* [Record extracts]:
○ ○ ○ ○
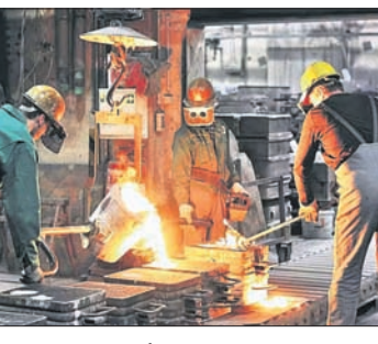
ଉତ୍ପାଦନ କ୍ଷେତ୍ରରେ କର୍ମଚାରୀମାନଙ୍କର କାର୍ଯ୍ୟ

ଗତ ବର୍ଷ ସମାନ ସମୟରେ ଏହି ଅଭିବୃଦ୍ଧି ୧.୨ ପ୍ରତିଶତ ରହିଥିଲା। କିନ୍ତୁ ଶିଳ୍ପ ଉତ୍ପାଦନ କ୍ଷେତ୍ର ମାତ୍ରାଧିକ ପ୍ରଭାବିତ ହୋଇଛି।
○ ○ ○ ○
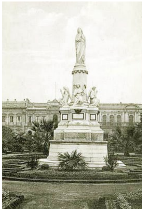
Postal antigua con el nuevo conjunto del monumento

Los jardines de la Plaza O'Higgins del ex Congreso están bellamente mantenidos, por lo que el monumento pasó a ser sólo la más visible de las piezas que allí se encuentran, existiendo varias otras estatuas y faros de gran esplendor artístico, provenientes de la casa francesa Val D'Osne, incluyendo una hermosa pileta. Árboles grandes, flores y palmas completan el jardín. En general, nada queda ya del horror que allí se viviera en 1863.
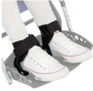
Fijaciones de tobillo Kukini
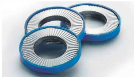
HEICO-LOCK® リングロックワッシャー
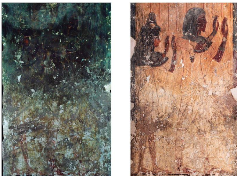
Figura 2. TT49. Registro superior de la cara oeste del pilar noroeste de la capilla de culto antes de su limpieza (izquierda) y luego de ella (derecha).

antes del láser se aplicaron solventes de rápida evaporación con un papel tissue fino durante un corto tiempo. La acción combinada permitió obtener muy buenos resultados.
○ ○ ○ ○
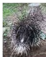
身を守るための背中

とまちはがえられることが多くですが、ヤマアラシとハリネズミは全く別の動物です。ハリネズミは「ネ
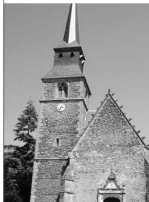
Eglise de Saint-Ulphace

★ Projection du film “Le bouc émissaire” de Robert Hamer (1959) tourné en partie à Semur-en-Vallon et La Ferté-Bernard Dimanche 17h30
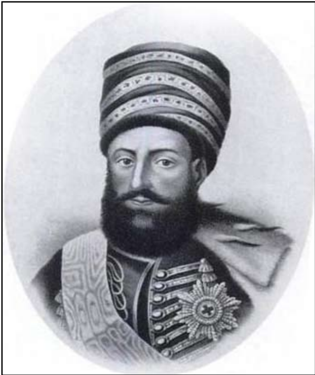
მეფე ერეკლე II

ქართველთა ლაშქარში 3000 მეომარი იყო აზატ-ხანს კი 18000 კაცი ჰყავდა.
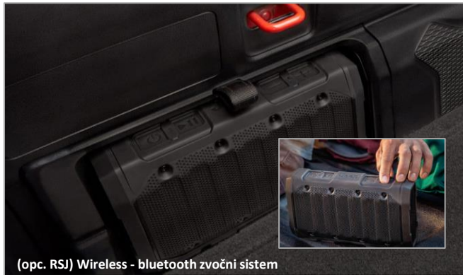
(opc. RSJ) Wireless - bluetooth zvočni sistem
○ ○ ○ ○
* [The problem]: In the entries above, which lines run from the one with "とまちはがえられることが多く" up to and including the one with "(opc. RSJ) Wireless - bluetooth zvočni sistem"? Write them out exactly, without the pictures.

* [Exercise output]:
とまちはがえられることが多くですが、ヤマアラシとハリネズミは全く別の動物です。ハリネズミは「ネ
Eglise de Saint-Ulphace

★ Projection du film “Le bouc émissaire” de Robert Hamer (1959) tourné en partie à Semur-en-Vallon et La Ferté-Bernard Dimanche 17h30
მეფე ერეკლე II

ქართველთა ლაშქარში 3000 მეომარი იყო აზატ-ხანს კი 18000 კაცი ჰყავდა.
(opc. RSJ) Wireless - bluetooth zvočni sistem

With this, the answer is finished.